CFSSL is CloudFlare’s PKI/TLS swiss army knife. It is both a command line
tool and an HTTP API server for signing, verifying, and bundling TLS
certificates. It requires Go 1.20+ to build.

Note that certain linux distributions have certain algorithms removed
(RHEL-based distributions in particular), so the golang from the
official repositories will not work. Users of these distributions should
install go manually to install CFSSL.

CFSSL consists of:

  • a set of packages useful for building custom TLS PKI tools
  • the cfssl program, which is the canonical command line utility
    using the CFSSL packages.
  • the multirootca program, which is a certificate authority server
    that can use multiple signing keys.
  • the mkbundle program is used to build certificate pool bundles.
  • the cfssljson program, which takes the JSON output from the
    cfssl and multirootca programs and writes certificates, keys,
    CSRs, and bundles to disk.

Building

Building cfssl requires a
working Go 1.20+ installation.

  1. $ git clone git@github.com:cloudflare/cfssl.git
  2. $ cd cfssl
  3. $ make
  4. $ make install

The resulting binaries will be in the bin folder:

  1. $ tree bin
  2. bin
  3. ├── cfssl
  4. ├── cfssl-bundle
  5. ├── cfssl-certinfo
  6. ├── cfssl-newkey
  7. ├── cfssl-scan
  8. ├── cfssljson
  9. ├── mkbundle
  10. └── multirootca
  11. 0 directories, 8 files

Cross Compilation

You can set the GOOS and GOARCH environment variables to have Go cross compile for alternative platforms; however, cfssl requires cgo, and cgo requires a working compiler toolchain for the target platform.

Installation

Installation requires a working Go 1.20+ installation.
Alternatively, prebuilt binaries are available

  1. $ go install github.com/cloudflare/cfssl/cmd/...@latest

This will download, build, and install all of the utility programs
(including cfssl, cfssljson, and mkbundle among others).

Using the Command Line Tool

The cfssl command line tool takes a command to specify what
operation it should carry out:

  1. sign signs a certificate
  2. bundle build a certificate bundle
  3. genkey generate a private key and a certificate request
  4. gencert generate a private key and a certificate
  5. serve start the API server
  6. version prints out the current version
  7. selfsign generates a self-signed certificate
  8. print-defaults print default configurations

Use cfssl [command] -help to find out more about a command.
The version command takes no arguments.

Signing

  1. cfssl sign [-ca cert] [-ca-key key] [-hostname comma,separated,hostnames] csr [subject]

The csr is the client’s certificate request.
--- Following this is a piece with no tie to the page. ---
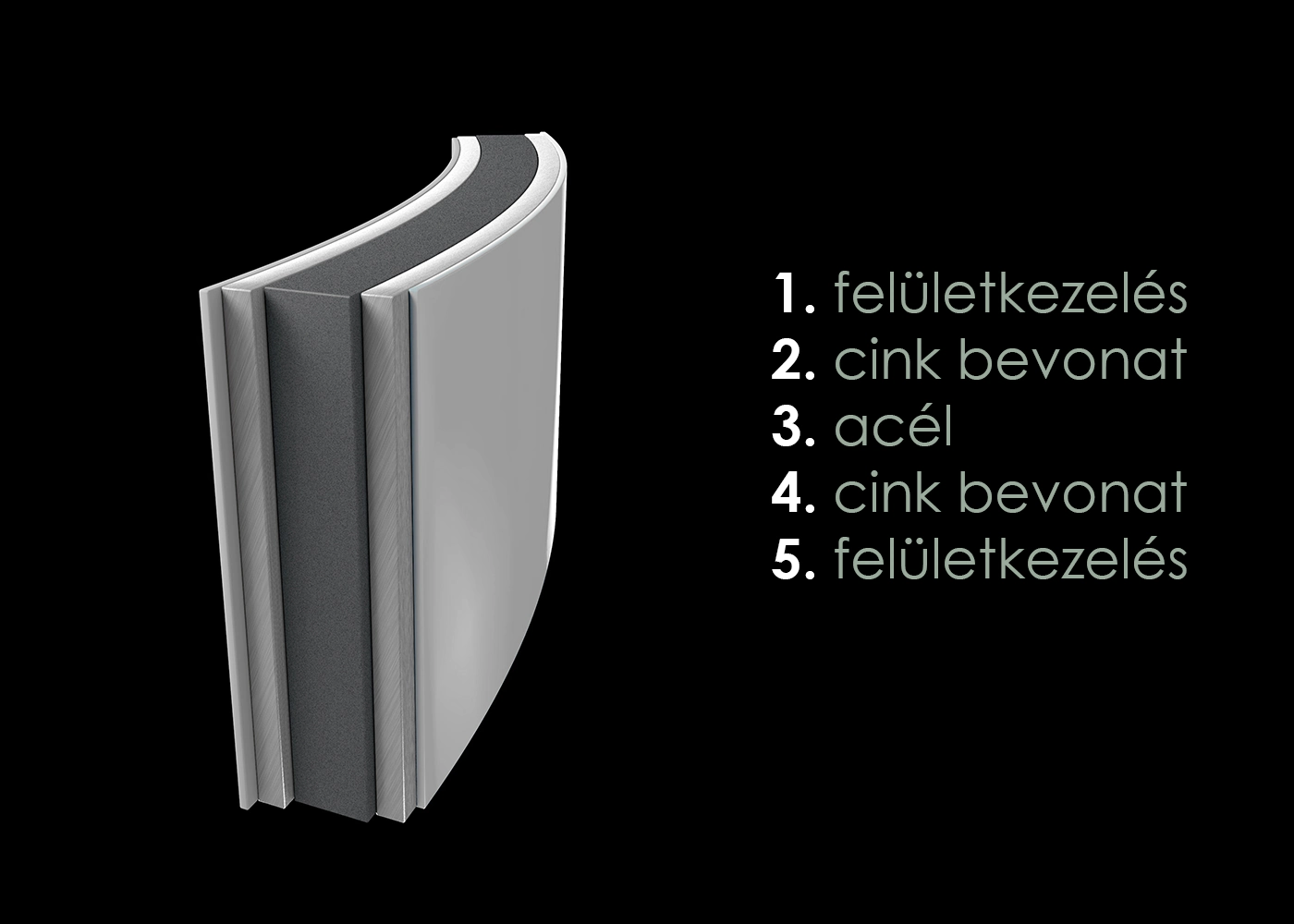 Az oldalfal tüzihorganyzott 0.4 mm-es lemezből készül többrétegű bevonattal, redőzött merevítéssel. (5 réteg)

The -ca and -ca-key
flags are the CA’s certificate and private key, respectively. By
default, they are ca.pem and ca_key.pem. The -hostname is
a comma separated hostname list that overrides the DNS names and
IP address in the certificate SAN extension.
For example, assuming the CA’s private key is in
/etc/ssl/private/cfssl_key.pem and the CA’s certificate is in
/etc/ssl/certs/cfssl.pem, to sign the cloudflare.pem certificate
for cloudflare.com:

  1. cfssl sign -ca /etc/ssl/certs/cfssl.pem \
  2. -ca-key /etc/ssl/private/cfssl_key.pem \
  3. -hostname cloudflare.com \
  4. ./cloudflare.pem

It is also possible to specify CSR with the -csr flag. By doing so,
flag values take precedence and will overwrite the argument.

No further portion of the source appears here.